Evaluates a given function to see if the code contains anything more than doctrings and ‘pass’. If not, it is considered an ‘empty’ function.

Parameters

func (Callable) –

Returns

bool – True if the function is empty, otherwise False.

adi_py.utils.sync_xarray(xr_dataset: xarray.Dataset, adi_dataset: cds3.Group)

Carefully inspect the xr.Dataset and synchronize any changes back to the given ADI dataset.

Parameters
  • xr_dataset (xr.Dataset) – The XArray dataset to sync

  • adi_dataset (csd3.Group) – The ADI dataset where changes will be applied

adi_py.utils.sync_xr_dataset(xr_dataset: xarray.Dataset)

Sync the contents of the given XArray.Dataset with the corresponding ADI data structure.

Parameters

xr_dataset (xr.Dataset) – The xr.Dataset(s) to sync.

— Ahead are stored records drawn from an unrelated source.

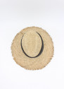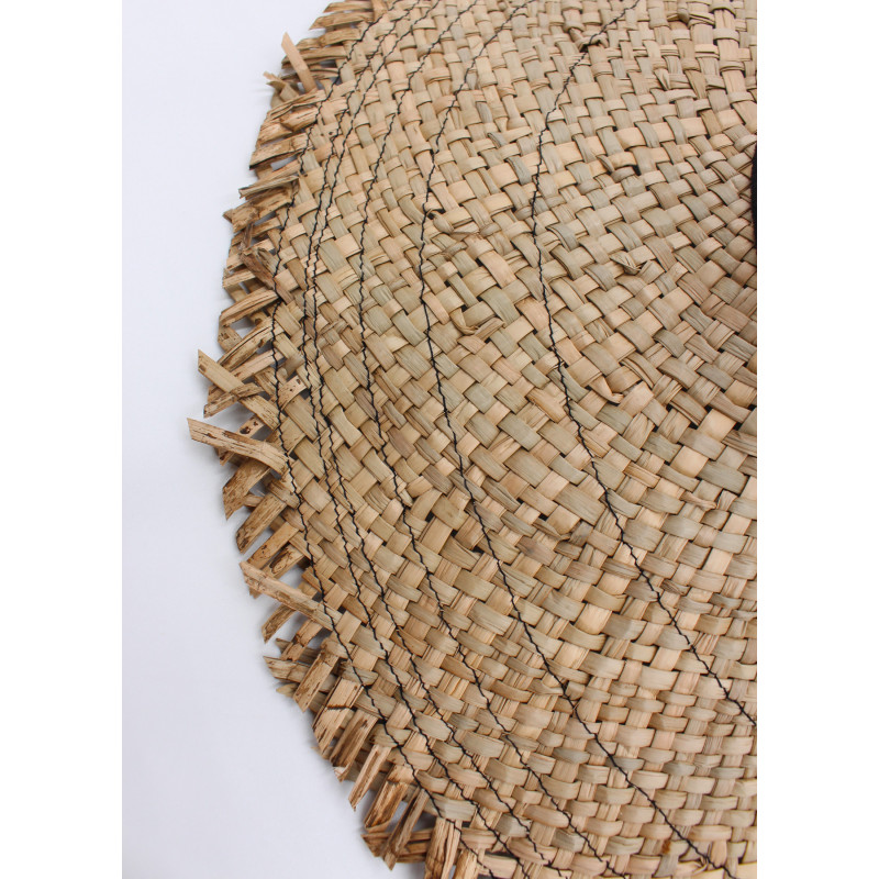 Ibrigu hat, beige plaited straw, black fabric around the top of the hat, natural.
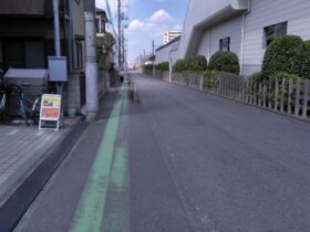 左手の駐車場の奥のビルの2階にニューロリワーク所沢センターがあります。(駐車場から看板も見えます) -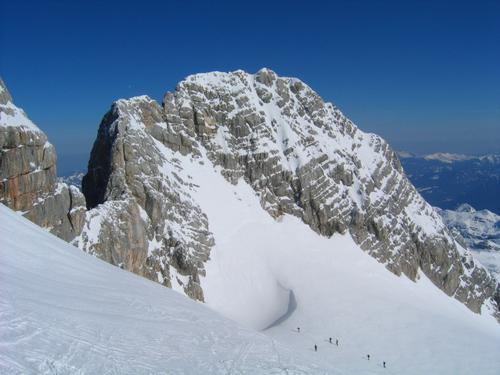 | Blick hinüber zum Niederen Dachstein - und unten erkennt man bereits die zahlreichen Tourengeher, die in Bälde zu uns stoßen werden. |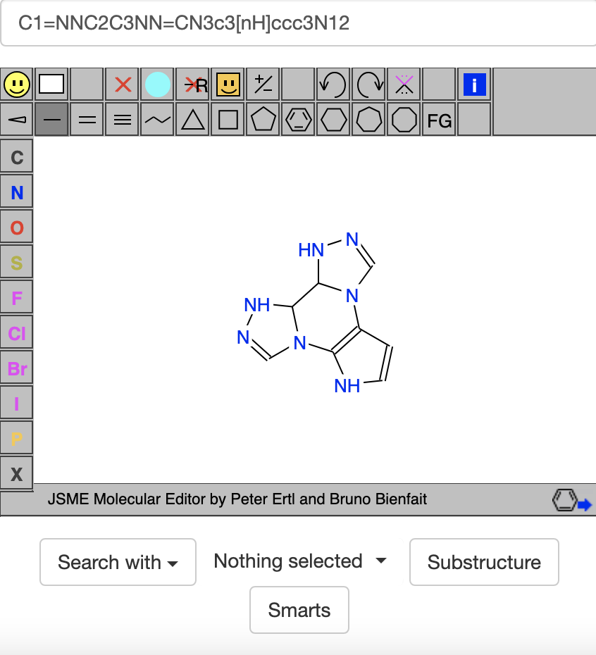 When I tried to narrow the last search to ones with only 7 hydrogen-bond acceptors using https://zinc20.docking.org/substances/?sub_id-matches-sma=*1***2*3****3*3****3*12&hba=7, it gave 13 hits, but I was surprised that none looked like C1=NNC2C3NN=CN3c3[nH]ccc3N12 shown above. I think this is because C1=NNC2C3NN=CN3c3[nH]ccc3N12 is not itself in the ZINC20 database. I think it is just a scaffold that is part of other compounds in the database.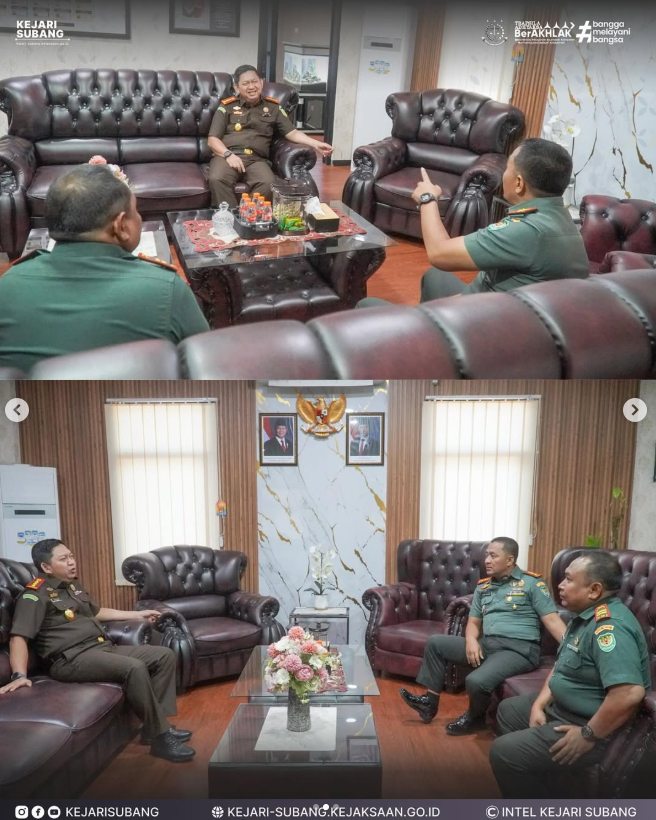 Hari ini, Letkol Czi Asep Saepudin, Dandim 0605/Subang, melaksanakan kunjungan kerja ke Kejaksaan Negeri Subang sebagai bentuk nyata dalam melanjutkan sinergi antar lembaga penegak hukum dan pertahanan di Kabupaten Subang.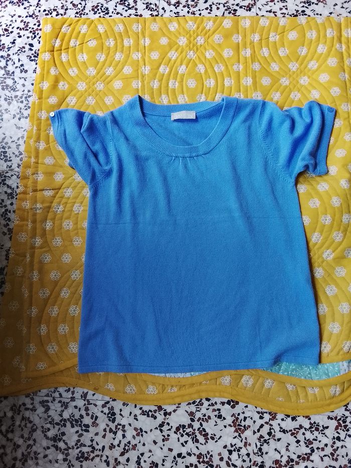 Bonjour, très beau pull a manches courtes de la marque Daxon en violet en taille 40/42. 100% Acrylique. En très bon état et sans étiquette : hauteur devant : 63cm, largeur : 52cm. Hauteur manche : 22cm, largeur : 19cm.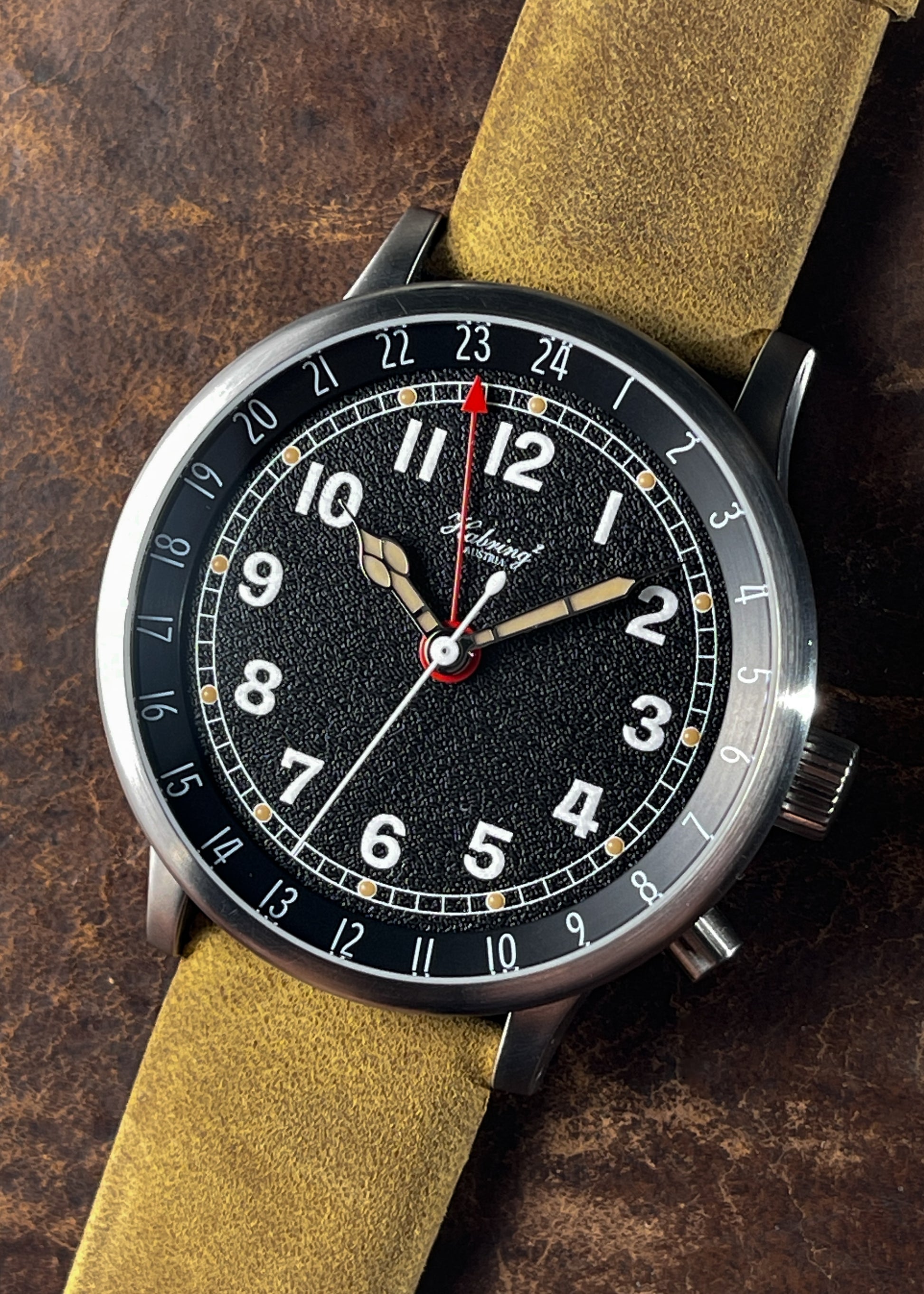 One of the secret watches from the Habring² catalog is a Globetrotter seen in the style of an Erwin Pilot!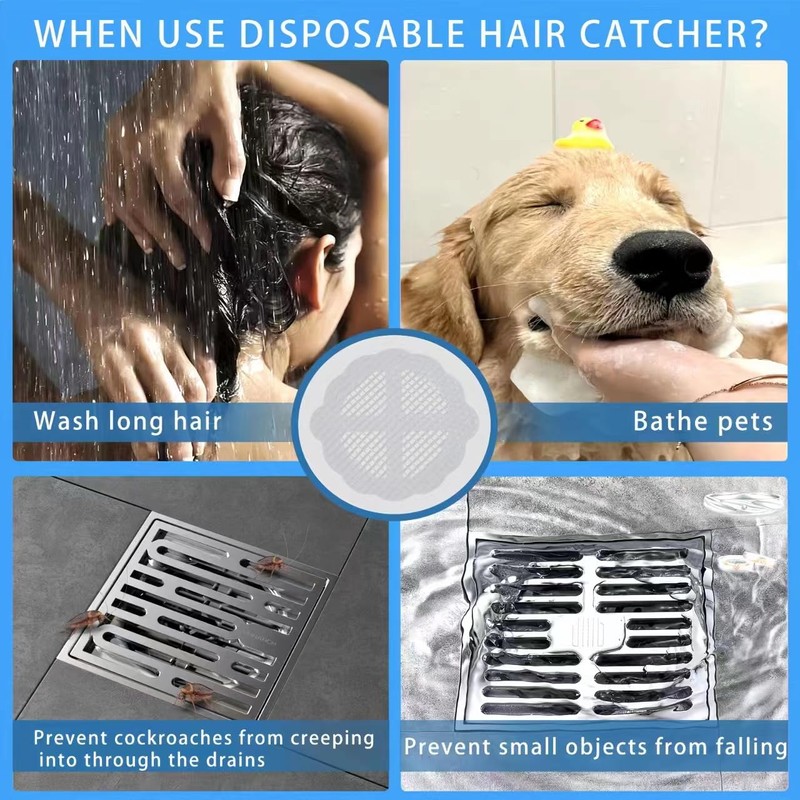 • This pack includes 50 disposable shower drain hair catchers, so you can keep your drain clog-free for weeks.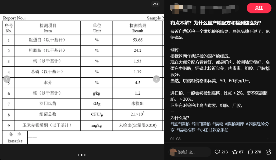進口品牌的信任危機,讓不少養(yǎng)寵人對洋貨“祛魅”。謝文提到,幾年前在小紅書上分享購買國產(chǎn)貓糧,還會遭到“給流浪貓才吃這個”的吐槽,但現(xiàn)在如果你說自己只買進口糧,反而會遭到各種“不認真做功課”的嘲笑。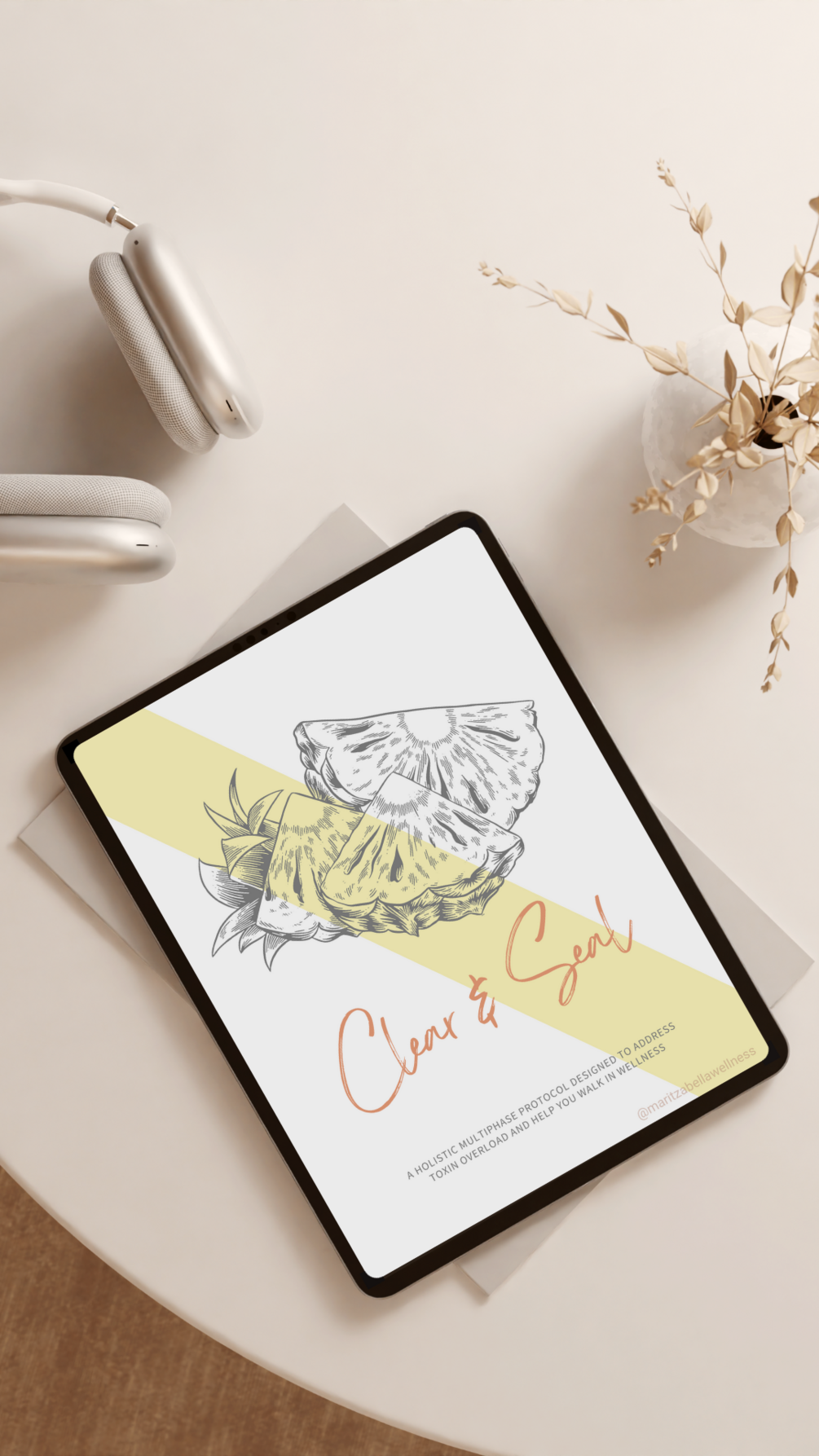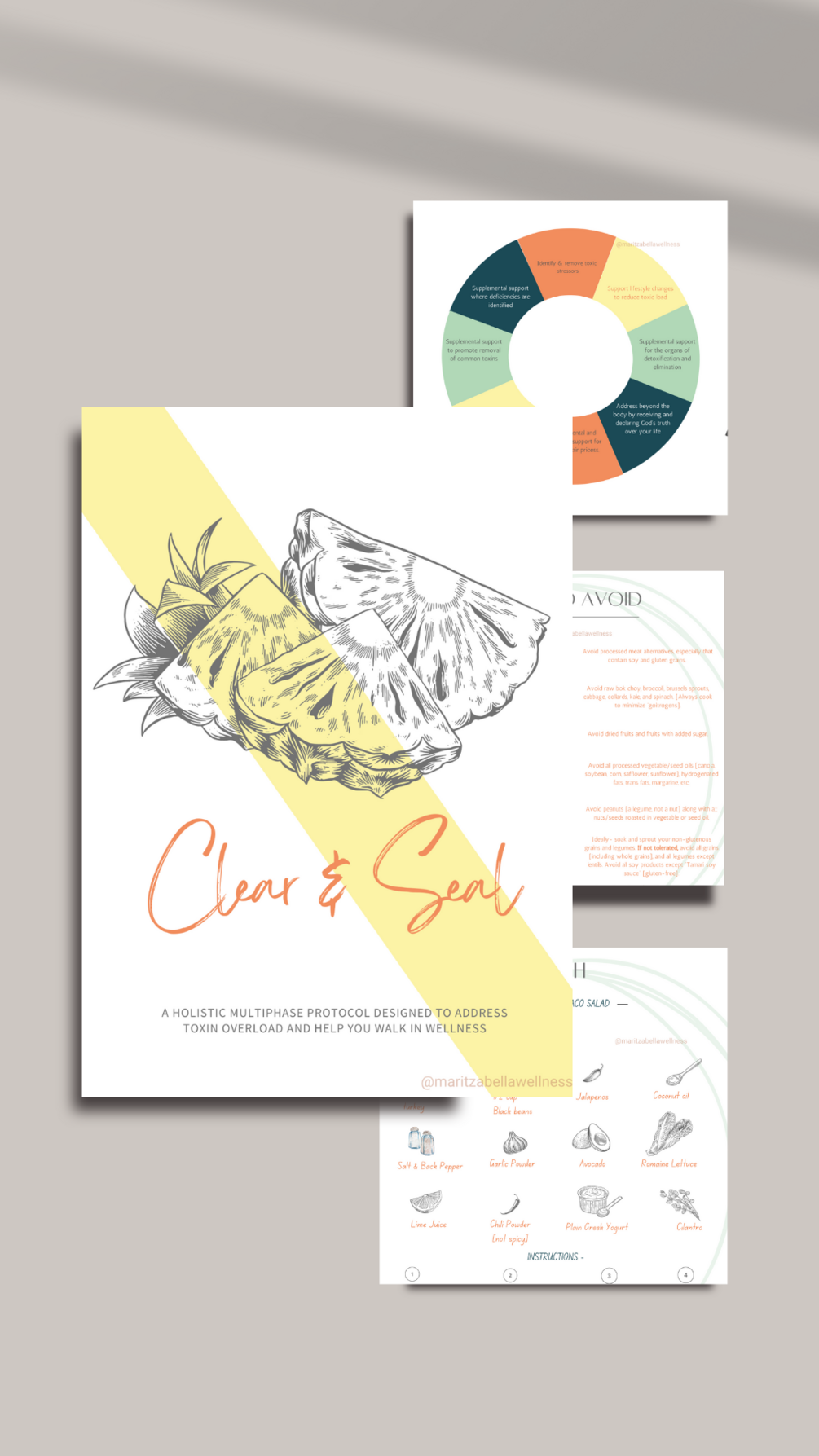 Introducing the 'Clear & Seal' Wellness Guide - your ultimate guide to achieving a toxin-free lifestyle. This 50 page 'Do it Yourself' guide offers a 5-6 month plan that includes recipes, supplement recommendations, direct links to recommended products, and a grocery list. The guide also features wellness educational content, Christian-based spiritual practices, and additional therapeutic practices and instructions to help you achieve optimal health and wellness. With the 'Clear & Seal' Wellness Guide, you'll be equipped with all the tools you need to detoxify your body, mind, and soul - and live your best life yet.

adi_py.utils.to_xarray(adi_dataset: cds3.Group) xarray.Dataset

Convert the specified CDS.Group into an XArray dataset. Attributes will be copied, but the DataArrays for each variable will be backed by an np.ndarray that links directly to the C ADI data via np.PyArray_SimpleNewFromData

Parameters

adi_dataset (cds3.Group) – An ADI dataset object.

Returns

xr.Dataset – The corresponding XArray dataset object.